“一会陆怀玉来了,她要是能自己走我就带着她,她要是执意留下,那就只能……”
陆老太太实在听不得这话,呜咽着哭起来。
乔霜枝一个‘外人’,陆怀野一个小孩,这种家庭决策性会议,两个人都是不参加的。
两个人坐在灶坑前的小板凳上,用余火烤小地瓜吃。
陆怀安喃喃道。
“我姐不会跟我们一起走的。”
乔霜枝被地瓜烫了一下,没听清陆怀安说什么。
陆怀安又说了一遍。
“我姐不会跟我们一起走的。”
“她觉得是咱们家人把夏然打断了腿,可内疚呢。”
乔霜枝将食指竖在嘴唇上做出‘嘘’的样子。
“小声点,你奶奶和妈妈听了心里难过。”
陆怀安眨巴着大眼睛。
“自从他们搬过来,我总是偷偷的去看我姐。”
“她天天照顾夏然,鞍前马后的,在家我从来没看见她那么勤快过。”
“那陆怀安不过是骨折了,又不是瘫了,吃饭还要人喂。”
“我爷爷这几天吃饭都不用人喂了。”
陆怀安撇了撇嘴,又凑过来。
“霜枝姐,要不然我们找个月黑风高的日子,像小人画里的大侠一样,用银针把那个夏然扎瘫了算了。”

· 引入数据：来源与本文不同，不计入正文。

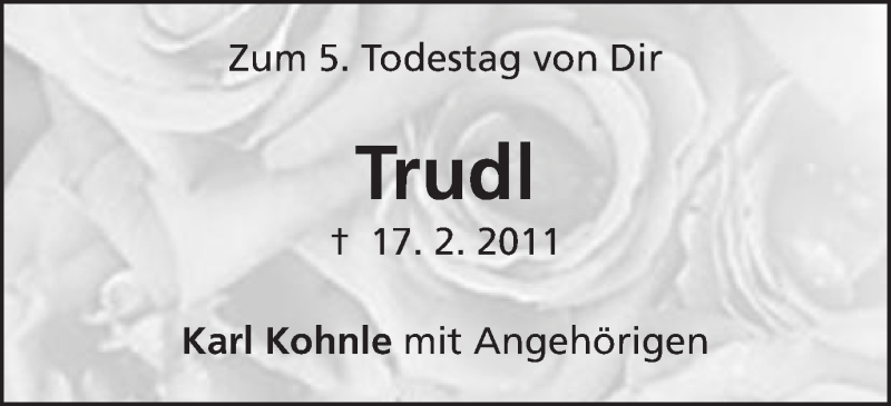 Hier finden Sie alle Traueranzeigen aus der Zeitung, die bisher für Gertrud Kohnle erschienen sind. Weitere Traueranzeigen, die in der Zeitung erscheinen, werden hier ebenfalls aufgelistet

“反正他也不干活,什么都得我姐干,还不如真的让他瘫了,给我嫂子出出气。”
乔霜枝轻轻拍了一下陆怀安的头。
“这是害人,是犯罪的,可不能这样做!”
陆怀安撅了撅小嘴,继续吃他的小地瓜。
乔霜枝却停住了手,眼珠转了两圈,不知道在想什么。
等了一会,乔雨眠风风火火地回来了。
乔霜枝递上一个热毛巾,乔雨眠刚把手和脸捂热,陆怀玉走了进来。
陆怀野勤快,陆家从不缺柴,灶坑几乎一直烧着,锅里总有热水。
所以入冬以后,每个人从外面回来都会用热毛巾擦一擦手和脸,暖和暖和。
陆怀玉看着正在用热毛巾捂手的乔雨眠,搓了搓自己的手,然后将手收进了袖子里。
陆老太太推开门,哭着朝她扑过来。
“怀玉,你回来啦,快进来!”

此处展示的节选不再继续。